Semantically Consistent Person Image Generation
Prasun Roy, Saumik Bhattacharya, Subhankar Ghosh, Umapada Pal, Michael Blumenstein
TL;DR
This work tackles scene-aware person image generation by inserting a target into a complex scene while preserving global context. It introduces a three-stage pipeline: a Pix2PixHD-based coarse semantic map estimator, a data-driven refinement that selects a near-match from a clustered semantic-map knowledge base, and an exemplar-driven, multi-scale attention renderer for appearance transfer. Key contributions include a clustering-based refinement to improve realism and diversity, a pose-conditioned rendering framework with robust perceptual and adversarial losses, and extensive ablations validating the importance of each stage. The approach enables realistic, controllable person insertion in cluttered scenes with demonstrated improvements over several baselines and rich qualitative results, offering practical utility for augmented reality and video synthesis applications.
Abstract
We propose a data-driven approach for context-aware person image generation.
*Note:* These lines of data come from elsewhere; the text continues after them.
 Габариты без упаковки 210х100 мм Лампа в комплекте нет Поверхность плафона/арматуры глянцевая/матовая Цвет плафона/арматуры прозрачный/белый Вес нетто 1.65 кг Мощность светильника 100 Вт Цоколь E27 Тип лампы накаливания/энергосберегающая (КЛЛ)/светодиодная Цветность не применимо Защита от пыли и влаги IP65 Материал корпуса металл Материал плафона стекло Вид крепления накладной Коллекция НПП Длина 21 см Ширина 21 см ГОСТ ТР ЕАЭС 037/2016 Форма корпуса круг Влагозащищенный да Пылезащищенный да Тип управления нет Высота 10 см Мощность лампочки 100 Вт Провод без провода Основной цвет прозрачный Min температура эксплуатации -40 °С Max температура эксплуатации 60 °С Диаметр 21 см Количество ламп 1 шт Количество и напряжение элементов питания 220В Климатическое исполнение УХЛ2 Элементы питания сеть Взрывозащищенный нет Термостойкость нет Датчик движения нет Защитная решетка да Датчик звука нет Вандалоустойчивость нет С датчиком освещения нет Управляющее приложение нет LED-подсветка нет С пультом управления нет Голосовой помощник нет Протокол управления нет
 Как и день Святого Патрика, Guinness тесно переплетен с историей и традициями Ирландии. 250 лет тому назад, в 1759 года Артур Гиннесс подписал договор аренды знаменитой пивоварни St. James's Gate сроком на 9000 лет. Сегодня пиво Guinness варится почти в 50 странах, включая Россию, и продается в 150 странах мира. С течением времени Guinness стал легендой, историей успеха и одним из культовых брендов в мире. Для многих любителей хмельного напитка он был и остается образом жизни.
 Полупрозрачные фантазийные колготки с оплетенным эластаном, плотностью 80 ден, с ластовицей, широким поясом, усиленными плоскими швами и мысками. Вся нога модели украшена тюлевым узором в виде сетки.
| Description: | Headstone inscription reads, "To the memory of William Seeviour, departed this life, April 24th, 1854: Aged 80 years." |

Specifically, we attempt to generate a person image such that the synthesized instance can blend into a complex scene. In our method, the position, scale, and appearance of the generated person are semantically conditioned on the existing persons in the scene. The proposed technique is divided into three sequential steps. At first, we employ a Pix2PixHD model to infer a coarse semantic mask that represents the new person's spatial location, scale, and potential pose. Next, we use a data-centric approach to select the closest representation from a precomputed cluster of fine semantic masks. Finally, we adopt a multi-scale, attention-guided architecture to transfer the appearance attributes from an exemplar image. The proposed strategy enables us to synthesize semantically coherent realistic persons that can blend into an existing scene without altering the global context. We conclude our findings with relevant qualitative and quantitative evaluations.